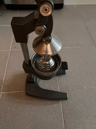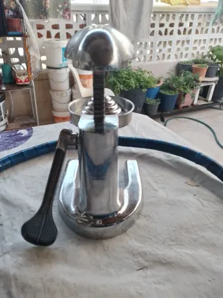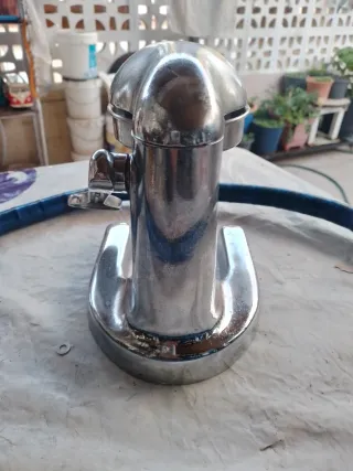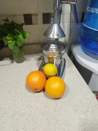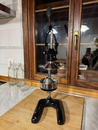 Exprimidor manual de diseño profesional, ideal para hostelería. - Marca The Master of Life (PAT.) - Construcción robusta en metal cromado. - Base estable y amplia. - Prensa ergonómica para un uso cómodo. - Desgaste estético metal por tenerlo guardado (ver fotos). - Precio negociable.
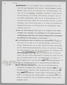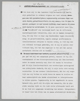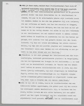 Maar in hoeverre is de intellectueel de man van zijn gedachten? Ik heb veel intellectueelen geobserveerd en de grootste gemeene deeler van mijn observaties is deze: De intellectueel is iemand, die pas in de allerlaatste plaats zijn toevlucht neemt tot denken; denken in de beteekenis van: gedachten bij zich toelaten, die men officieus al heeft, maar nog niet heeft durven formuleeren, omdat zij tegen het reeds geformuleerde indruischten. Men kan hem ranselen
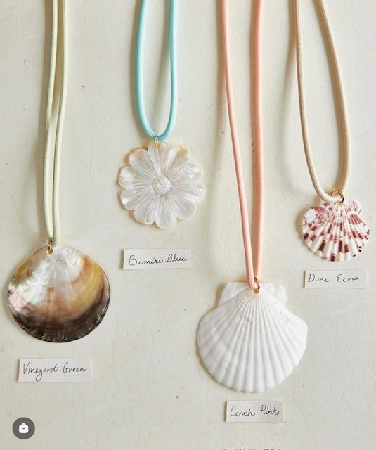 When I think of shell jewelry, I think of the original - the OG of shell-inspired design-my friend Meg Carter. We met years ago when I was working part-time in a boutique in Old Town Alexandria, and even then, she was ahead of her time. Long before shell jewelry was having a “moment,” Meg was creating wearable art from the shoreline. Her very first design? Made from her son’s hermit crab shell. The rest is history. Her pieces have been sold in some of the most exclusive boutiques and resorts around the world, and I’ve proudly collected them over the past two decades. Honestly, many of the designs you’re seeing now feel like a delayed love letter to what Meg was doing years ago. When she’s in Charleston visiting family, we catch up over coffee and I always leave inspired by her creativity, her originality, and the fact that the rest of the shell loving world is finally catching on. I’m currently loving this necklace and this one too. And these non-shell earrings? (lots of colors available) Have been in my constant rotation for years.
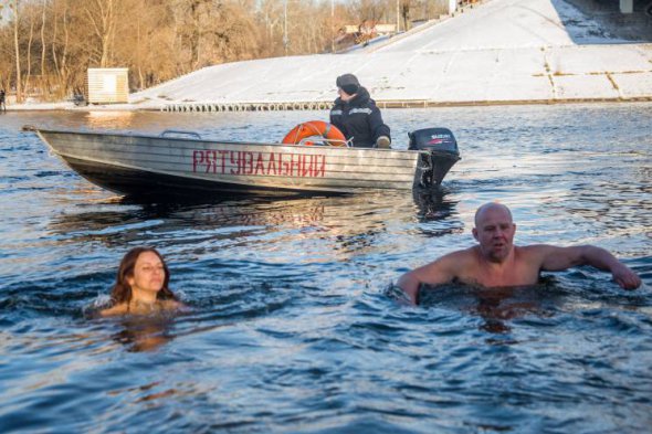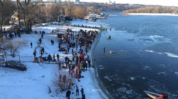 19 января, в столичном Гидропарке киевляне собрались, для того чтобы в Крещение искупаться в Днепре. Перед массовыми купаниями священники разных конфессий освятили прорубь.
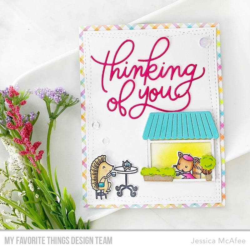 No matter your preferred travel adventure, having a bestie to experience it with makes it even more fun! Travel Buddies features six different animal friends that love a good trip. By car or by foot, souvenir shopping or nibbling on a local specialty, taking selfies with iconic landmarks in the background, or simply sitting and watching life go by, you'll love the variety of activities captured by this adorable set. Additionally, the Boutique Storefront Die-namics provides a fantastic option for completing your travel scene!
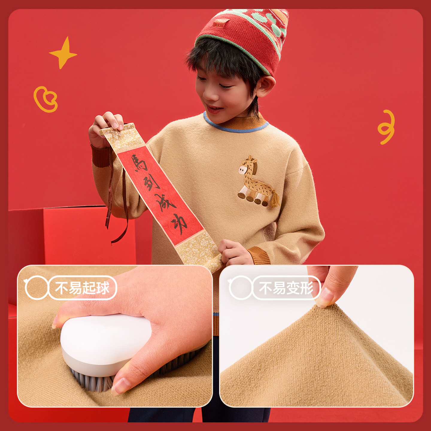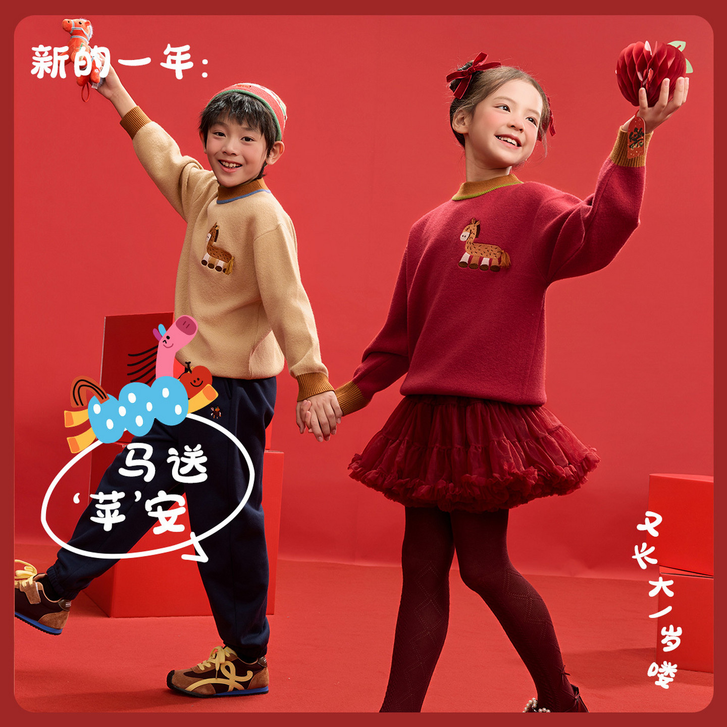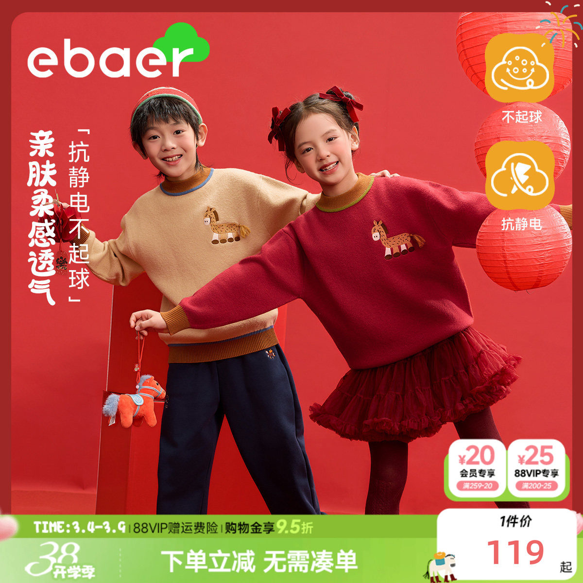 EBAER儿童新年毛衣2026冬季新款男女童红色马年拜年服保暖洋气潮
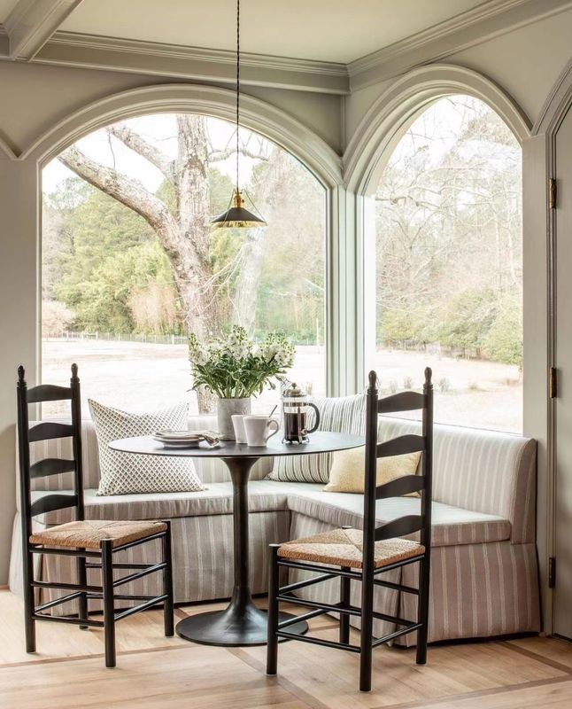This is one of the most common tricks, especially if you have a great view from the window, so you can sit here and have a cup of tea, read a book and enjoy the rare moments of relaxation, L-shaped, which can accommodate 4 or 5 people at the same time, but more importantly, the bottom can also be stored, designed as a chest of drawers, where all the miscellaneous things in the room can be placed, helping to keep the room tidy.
--
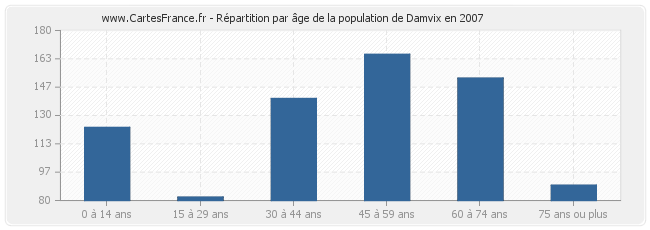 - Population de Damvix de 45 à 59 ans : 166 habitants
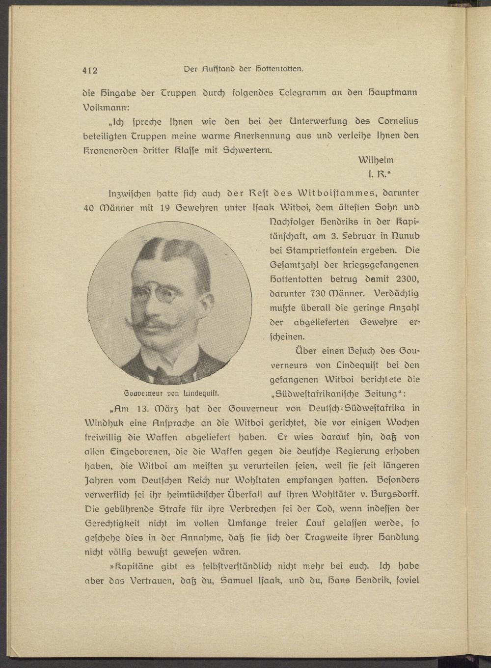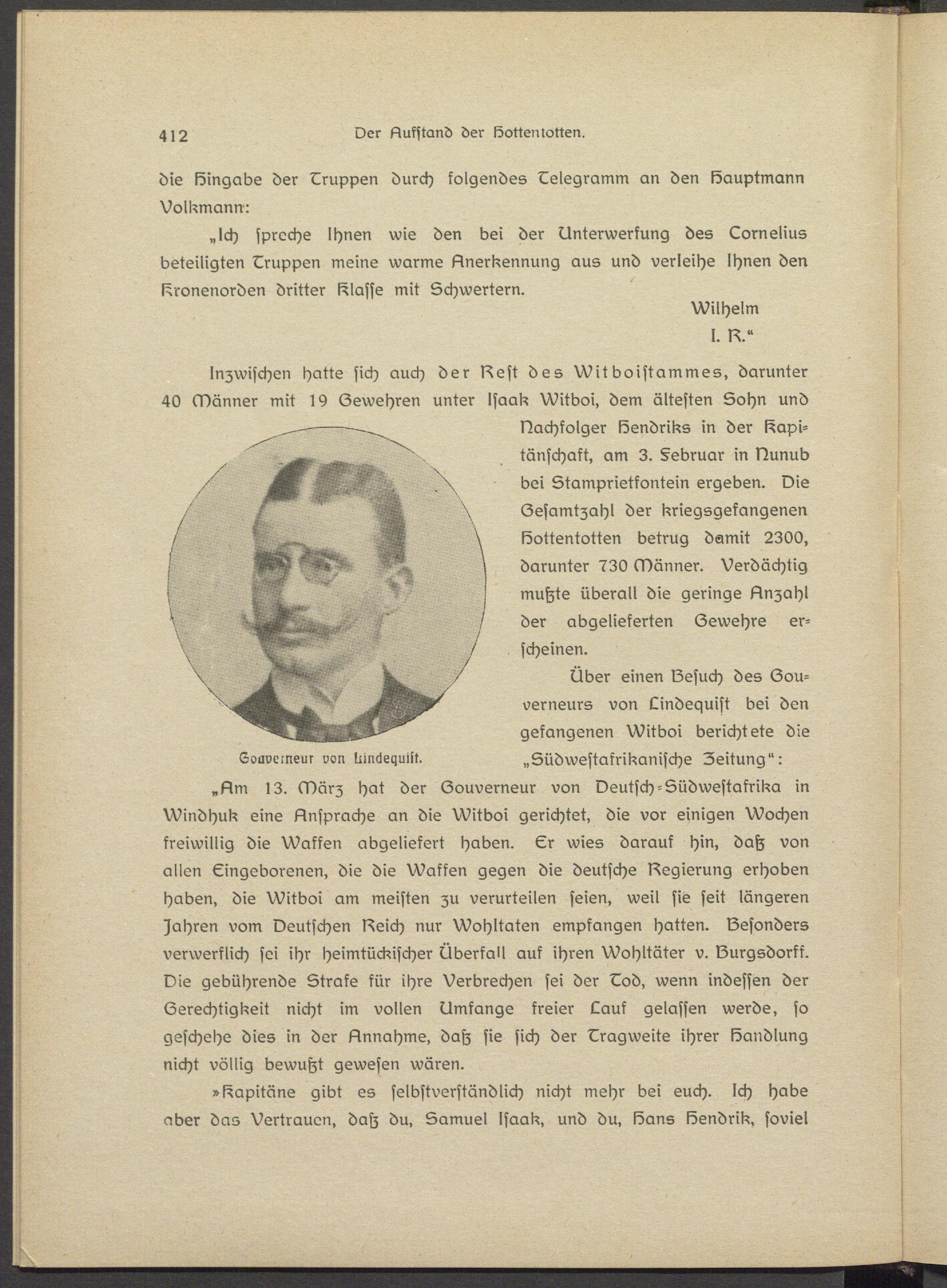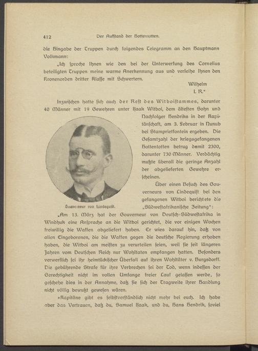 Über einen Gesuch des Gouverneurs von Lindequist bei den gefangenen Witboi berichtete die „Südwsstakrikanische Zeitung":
---
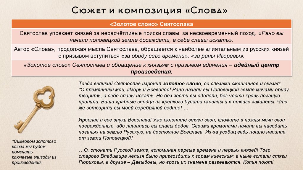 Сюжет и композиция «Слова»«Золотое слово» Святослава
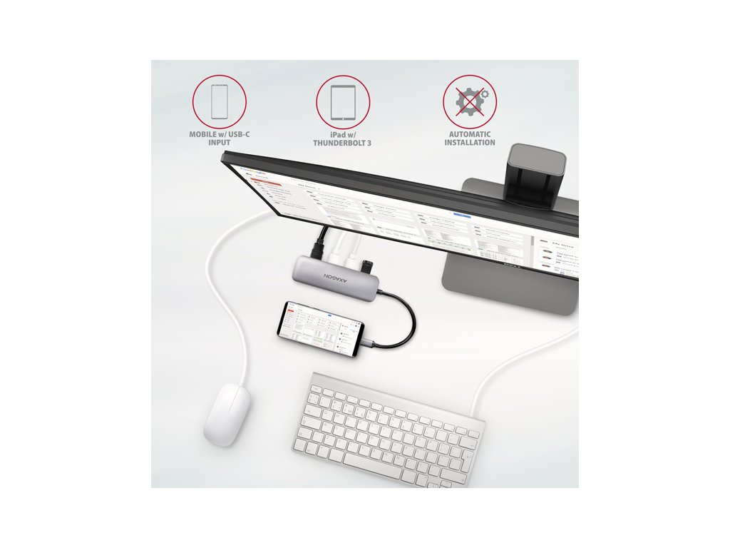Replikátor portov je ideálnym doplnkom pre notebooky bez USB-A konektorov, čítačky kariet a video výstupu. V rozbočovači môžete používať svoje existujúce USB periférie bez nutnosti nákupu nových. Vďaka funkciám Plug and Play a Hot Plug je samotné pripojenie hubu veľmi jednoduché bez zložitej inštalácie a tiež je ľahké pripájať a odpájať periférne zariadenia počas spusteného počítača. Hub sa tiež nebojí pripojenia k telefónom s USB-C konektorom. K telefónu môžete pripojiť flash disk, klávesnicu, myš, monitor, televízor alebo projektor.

YOUR OBJECTIVE: Precisely those lines above that run from the line with "19 января, в" up to and including the line with "This is one" are to be set down, with the pictures omitted.

THE ANSWER:
 19 января, в столичном Гидропарке киевляне собрались, для того чтобы в Крещение искупаться в Днепре. Перед массовыми купаниями священники разных конфессий освятили прорубь.
 No matter your preferred travel adventure, having a bestie to experience it with makes it even more fun! Travel Buddies features six different animal friends that love a good trip. By car or by foot, souvenir shopping or nibbling on a local specialty, taking selfies with iconic landmarks in the background, or simply sitting and watching life go by, you'll love the variety of activities captured by this adorable set. Additionally, the Boutique Storefront Die-namics provides a fantastic option for completing your travel scene!
 EBAER儿童新年毛衣2026冬季新款男女童红色马年拜年服保暖洋气潮
This is one of the most common tricks, especially if you have a great view from the window, so you can sit here and have a cup of tea, read a book and enjoy the rare moments of relaxation, L-shaped, which can accommodate 4 or 5 people at the same time, but more importantly, the bottom can also be stored, designed as a chest of drawers, where all the miscellaneous things in the room can be placed, helping to keep the room tidy.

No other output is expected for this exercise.